- Awarded for: Best broadcast interview of the year
- Venue: Cheltenham Literature Festival
- Country: United Kingdom
- Presented by: BBC
- First award: 2008; 18 years ago
- Final award: 2015; 11 years ago

= Nick Clarke Award =

Journalism prize created by the BBC

The Nick Clarke Award is a journalism prize created by the BBC in honour of Nick Clarke, former presenter of BBC Radio 4's The World At One, who died in November 2006. Its aim is to "celebrate and recognise the best broadcast interview of the year".

==Background==
The Nick Clarke Award was launched by then Radio 4 Controller Mark Damazer at the Cheltenham Literature Festival in October 2007. It is presented at the festival each year, the inaugural prize being awarded in October 2008. The Panellists and judges of the Nick Clarke Award come from the BBC and other media and broadcast organisations. As part of the award, the winner receives a case of claret, a favourite tipple of Clarke's.

==Award winners==
- 2008: Carrie Gracie (BBC World Service) – for her interview with Alan Johnston
- 2009: Victoria Derbyshire (BBC Radio 5 Live) – for her interview of Peter Bacon
- 2010: P.D. James (BBC Radio 4) – for her interview with BBC Director Mark Thompson
- 2011: Steve Hewlett (BBC Radio 4) – for his interview with Lady Peta Buscombe
- 2012: Stewart White (BBC News Look East) – for his interview with Lord Hanningfield following the peer’s release from prison after his conviction on expenses fraud.
- 2013: Iain Lee (BBC Three Counties Radio) – for his interview with Stephen Conroy, acting chief executive of Bedford Hospital NHS Trust
- 2014: Stephen Nolan (The Nolan Show) (BBC Northern Ireland) – for his interview with Pastor James McConnell.

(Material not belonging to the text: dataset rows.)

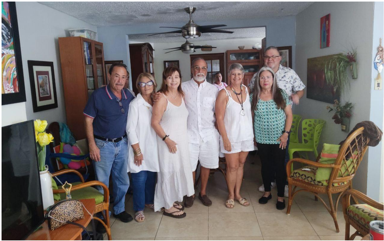
De izquierda a derecha: Renuévate La Pm, El Descubrimiento Hoy La Pm, Olvida el Pasado La Pm, Fuerte como El Roble La Pm, Dadora de Paz Pm, Con Ganas de Vivir La Pm y Caso Cerrado La Pm, posando con la Belankil de Casa Tseyor Puerto Rico, Dadora de Paz Pm, después de la iniciación.
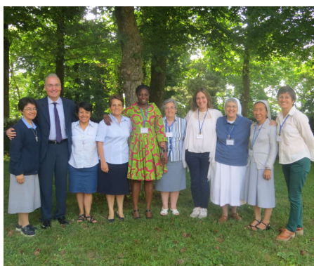
Communauté de sainte Thérèse de l'Enfant Jésus
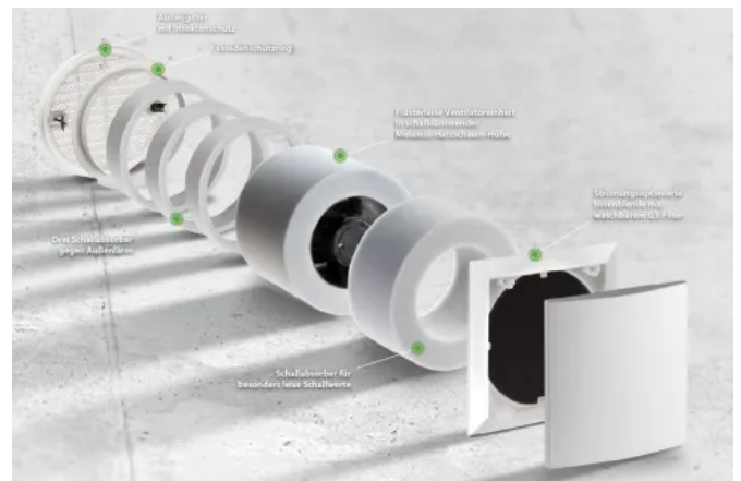
Axialer Abluftventilator AB 30/60
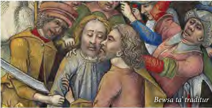
Bewsa ta' traditur

Il-Vangeli jiddeskrivu l-Ġetsemani bhala "qasam" ( villa ) jew "ġnien" li kien hemm fuq ix-xaqliba tal-lvant tal-Wied tal-Kedron, fejn Ġesù kien jingabar mad-dixxipli tiegħu, u fejn x'aktarx kienu jsibu kenn bil-lejl meta jkunu Ġerusalemm. Ġw 18,1-12 jghid: "Ġesù hareġ mad-dixxipli tiegħu u qasam ghan-naħa l-oħra tal-Wied ta' Kedron; hemmhekk kien hemm ġnien, u dahal fih mad-dixxipli tiegħu. Ġuda, dak li ttradih, kien jafu l-post, għax Ġesù kien sikwit jingabar hemm mad-dixxipli tiegħu." Kien f'dan il-post li Ġesù mar jitob wara l-aħħar ċena.
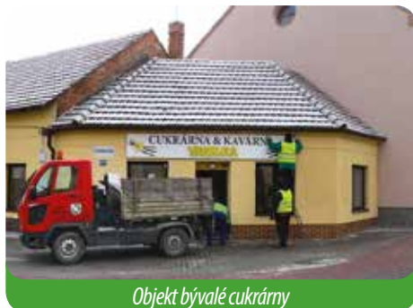
Objekt bývalé cukrárny
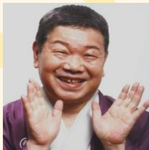
昔昔亭桃太郎 (5日夜・26日夜)
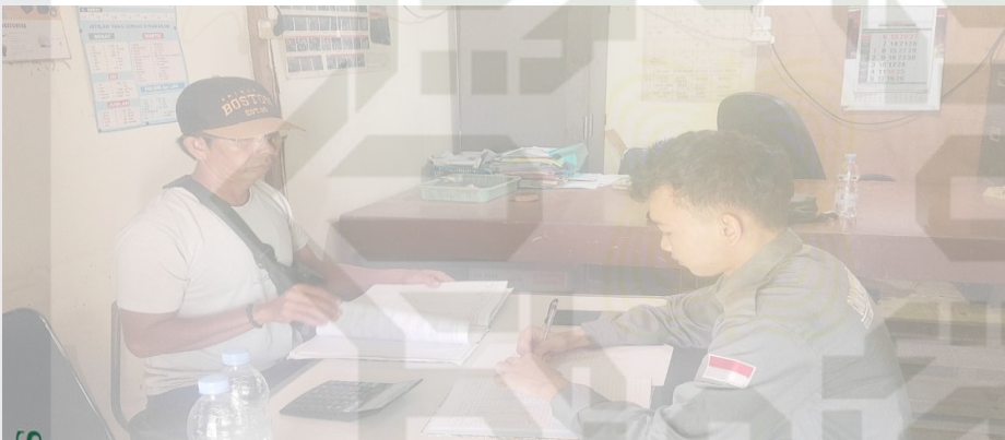
Dokumentasi wawancara bersama Krani PT. TIS

The interview dealt with the Belfast preacher's controversial denunciation of Muslims and their faith.
- 2015: Jeremy Bowen (BBC Middle East Editor) (BBC) – for his interview with Bashar al-Assad. The interview was a wide-ranging talk with al-Assad, covering not least the Syrian President's actions against his own citizens and the changing dynamic of the fight against the Islamic State.
- 2016: Stephen Nolan (BBC Radio 5 Live) – for his interview with Michael O'Connor a survivor of the November 2015 Paris attacks at the Bataclan (theatre) music venue.

The Nick Clarke Award website has not been updated since the shortlist was published for 2016.